HOW TO COMPLETE THIS TASK
Restate all the entries exactly as they appear, apart from the pictures.
===== THE DATA =====
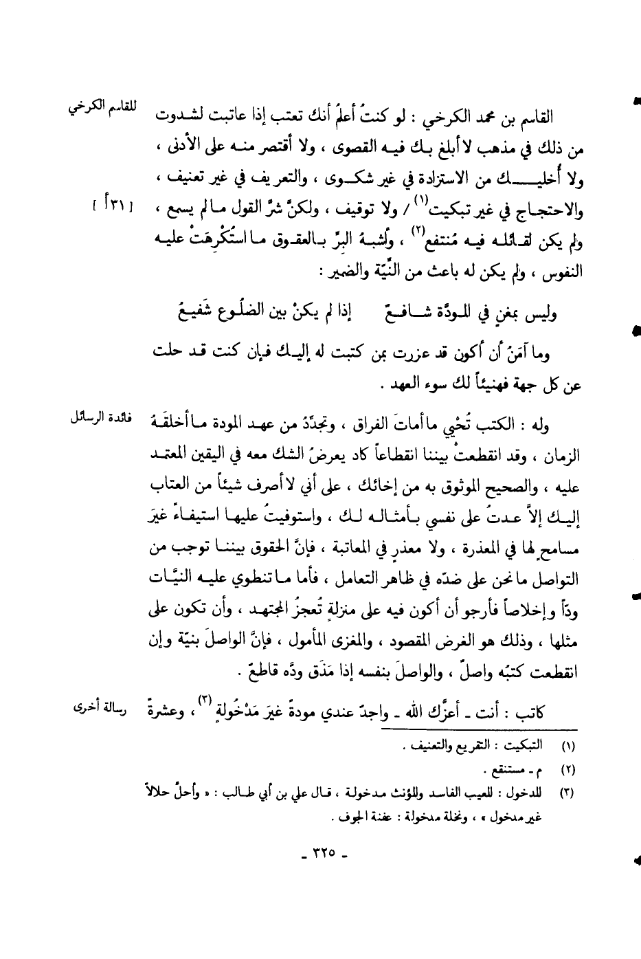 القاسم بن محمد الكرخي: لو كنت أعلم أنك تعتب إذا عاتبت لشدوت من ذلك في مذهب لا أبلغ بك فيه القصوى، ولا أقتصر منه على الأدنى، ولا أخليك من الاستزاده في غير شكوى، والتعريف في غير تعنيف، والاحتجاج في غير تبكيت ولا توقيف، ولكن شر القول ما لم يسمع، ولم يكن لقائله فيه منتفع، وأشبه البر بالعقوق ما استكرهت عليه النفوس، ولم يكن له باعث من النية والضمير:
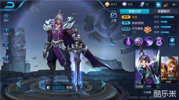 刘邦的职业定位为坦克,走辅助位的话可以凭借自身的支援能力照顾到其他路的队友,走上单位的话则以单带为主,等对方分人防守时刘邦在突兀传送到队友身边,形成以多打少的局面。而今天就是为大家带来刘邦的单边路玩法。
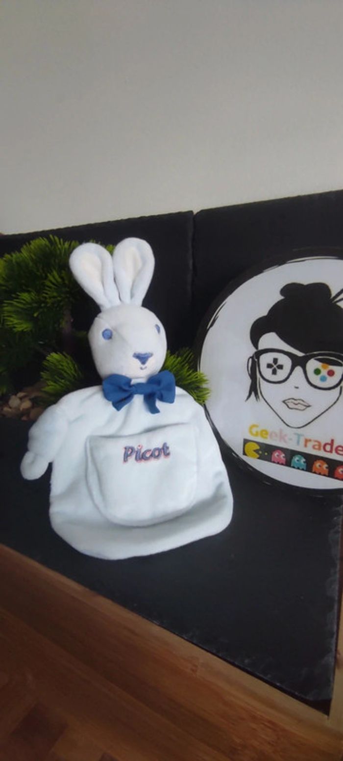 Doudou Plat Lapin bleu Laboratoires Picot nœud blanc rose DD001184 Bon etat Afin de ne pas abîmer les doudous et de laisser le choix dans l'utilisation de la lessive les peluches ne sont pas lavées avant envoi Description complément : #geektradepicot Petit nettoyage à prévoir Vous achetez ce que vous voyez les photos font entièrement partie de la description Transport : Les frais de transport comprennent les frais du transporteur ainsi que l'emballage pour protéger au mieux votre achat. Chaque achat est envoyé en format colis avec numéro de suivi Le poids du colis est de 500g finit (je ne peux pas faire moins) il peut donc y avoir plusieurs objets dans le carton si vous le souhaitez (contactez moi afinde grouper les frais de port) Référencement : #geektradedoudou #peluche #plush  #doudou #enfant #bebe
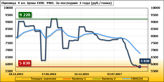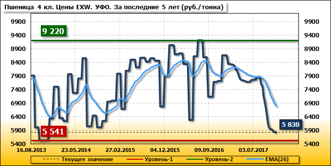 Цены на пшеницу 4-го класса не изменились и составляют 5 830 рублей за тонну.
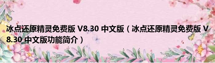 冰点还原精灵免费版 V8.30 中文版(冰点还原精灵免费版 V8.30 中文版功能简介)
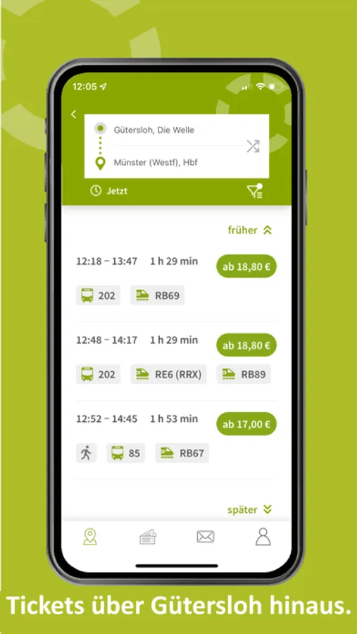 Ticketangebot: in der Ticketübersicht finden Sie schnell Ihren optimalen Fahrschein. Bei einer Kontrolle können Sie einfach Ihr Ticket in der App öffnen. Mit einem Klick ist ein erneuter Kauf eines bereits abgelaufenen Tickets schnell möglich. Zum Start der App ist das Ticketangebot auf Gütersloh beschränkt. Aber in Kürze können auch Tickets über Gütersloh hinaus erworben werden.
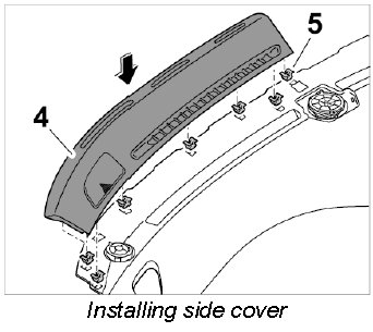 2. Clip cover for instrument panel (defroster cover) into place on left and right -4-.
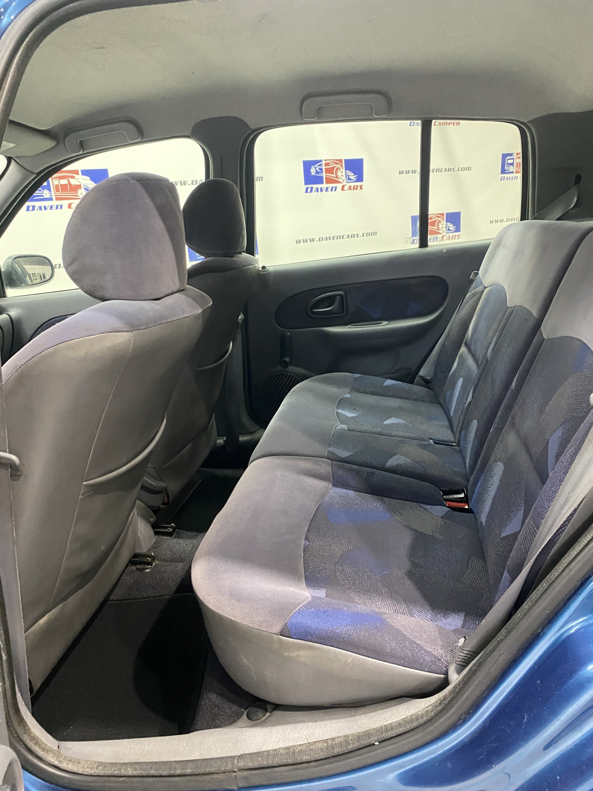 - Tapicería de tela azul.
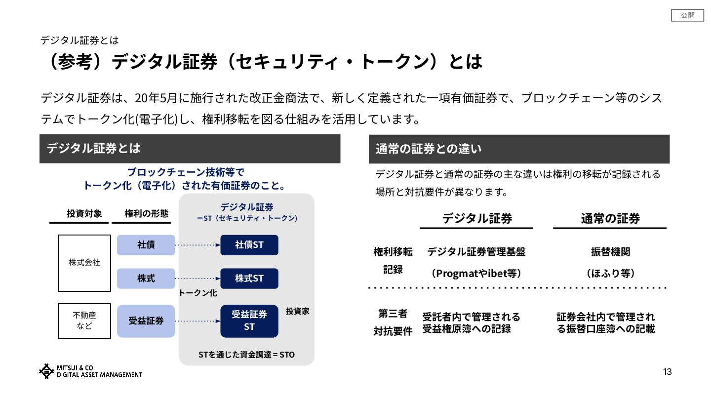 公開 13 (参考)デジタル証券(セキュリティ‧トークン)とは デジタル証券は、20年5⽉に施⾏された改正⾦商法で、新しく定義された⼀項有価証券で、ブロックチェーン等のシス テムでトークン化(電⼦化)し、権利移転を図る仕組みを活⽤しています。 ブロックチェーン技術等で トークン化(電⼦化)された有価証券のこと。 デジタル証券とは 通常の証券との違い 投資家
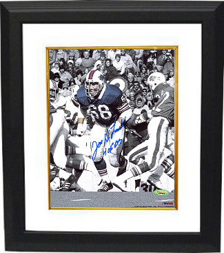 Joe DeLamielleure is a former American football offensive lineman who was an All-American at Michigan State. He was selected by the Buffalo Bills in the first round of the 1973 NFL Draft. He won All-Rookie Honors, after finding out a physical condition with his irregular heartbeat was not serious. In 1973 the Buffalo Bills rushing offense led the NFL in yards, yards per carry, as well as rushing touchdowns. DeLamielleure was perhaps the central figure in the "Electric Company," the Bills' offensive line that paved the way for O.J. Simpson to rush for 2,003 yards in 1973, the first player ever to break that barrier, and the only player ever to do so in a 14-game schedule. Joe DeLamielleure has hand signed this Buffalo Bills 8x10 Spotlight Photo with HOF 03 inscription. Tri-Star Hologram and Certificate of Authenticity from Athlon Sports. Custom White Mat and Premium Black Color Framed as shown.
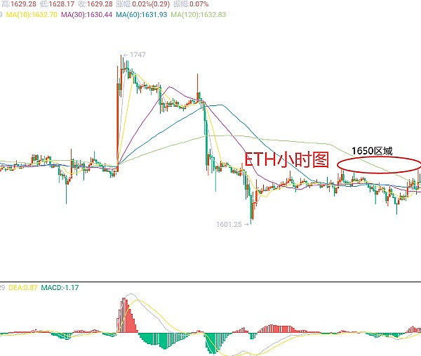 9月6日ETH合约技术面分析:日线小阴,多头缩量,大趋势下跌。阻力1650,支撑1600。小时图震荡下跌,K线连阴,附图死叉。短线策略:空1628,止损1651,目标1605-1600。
=====
WORKED SOLUTION
 القاسم بن محمد الكرخي: لو كنت أعلم أنك تعتب إذا عاتبت لشدوت من ذلك في مذهب لا أبلغ بك فيه القصوى، ولا أقتصر منه على الأدنى، ولا أخليك من الاستزاده في غير شكوى، والتعريف في غير تعنيف، والاحتجاج في غير تبكيت ولا توقيف، ولكن شر القول ما لم يسمع، ولم يكن لقائله فيه منتفع، وأشبه البر بالعقوق ما استكرهت عليه النفوس، ولم يكن له باعث من النية والضمير:
 刘邦的职业定位为坦克,走辅助位的话可以凭借自身的支援能力照顾到其他路的队友,走上单位的话则以单带为主,等对方分人防守时刘邦在突兀传送到队友身边,形成以多打少的局面。而今天就是为大家带来刘邦的单边路玩法。
 Doudou Plat Lapin bleu Laboratoires Picot nœud blanc rose DD001184 Bon etat Afin de ne pas abîmer les doudous et de laisser le choix dans l'utilisation de la lessive les peluches ne sont pas lavées avant envoi Description complément : #geektradepicot Petit nettoyage à prévoir Vous achetez ce que vous voyez les photos font entièrement partie de la description Transport : Les frais de transport comprennent les frais du transporteur ainsi que l'emballage pour protéger au mieux votre achat. Chaque achat est envoyé en format colis avec numéro de suivi Le poids du colis est de 500g finit (je ne peux pas faire moins) il peut donc y avoir plusieurs objets dans le carton si vous le souhaitez (contactez moi afinde grouper les frais de port) Référencement : #geektradedoudou #peluche #plush  #doudou #enfant #bebe
 Цены на пшеницу 4-го класса не изменились и составляют 5 830 рублей за тонну.
 冰点还原精灵免费版 V8.30 中文版(冰点还原精灵免费版 V8.30 中文版功能简介)
 Ticketangebot: in der Ticketübersicht finden Sie schnell Ihren optimalen Fahrschein. Bei einer Kontrolle können Sie einfach Ihr Ticket in der App öffnen. Mit einem Klick ist ein erneuter Kauf eines bereits abgelaufenen Tickets schnell möglich. Zum Start der App ist das Ticketangebot auf Gütersloh beschränkt. Aber in Kürze können auch Tickets über Gütersloh hinaus erworben werden.
 2. Clip cover for instrument panel (defroster cover) into place on left and right -4-.
 - Tapicería de tela azul.
 公開 13 (参考)デジタル証券(セキュリティ‧トークン)とは デジタル証券は、20年5⽉に施⾏された改正⾦商法で、新しく定義された⼀項有価証券で、ブロックチェーン等のシス テムでトークン化(電⼦化)し、権利移転を図る仕組みを活⽤しています。 ブロックチェーン技術等で トークン化(電⼦化)された有価証券のこと。 デジタル証券とは 通常の証券との違い 投資家
 Joe DeLamielleure is a former American football offensive lineman who was an All-American at Michigan State. He was selected by the Buffalo Bills in the first round of the 1973 NFL Draft. He won All-Rookie Honors, after finding out a physical condition with his irregular heartbeat was not serious. In 1973 the Buffalo Bills rushing offense led the NFL in yards, yards per carry, as well as rushing touchdowns. DeLamielleure was perhaps the central figure in the "Electric Company," the Bills' offensive line that paved the way for O.J. Simpson to rush for 2,003 yards in 1973, the first player ever to break that barrier, and the only player ever to do so in a 14-game schedule. Joe DeLamielleure has hand signed this Buffalo Bills 8x10 Spotlight Photo with HOF 03 inscription. Tri-Star Hologram and Certificate of Authenticity from Athlon Sports. Custom White Mat and Premium Black Color Framed as shown.
 9月6日ETH合约技术面分析:日线小阴,多头缩量,大趋势下跌。阻力1650,支撑1600。小时图震荡下跌,K线连阴,附图死叉。短线策略:空1628,止损1651,目标1605-1600。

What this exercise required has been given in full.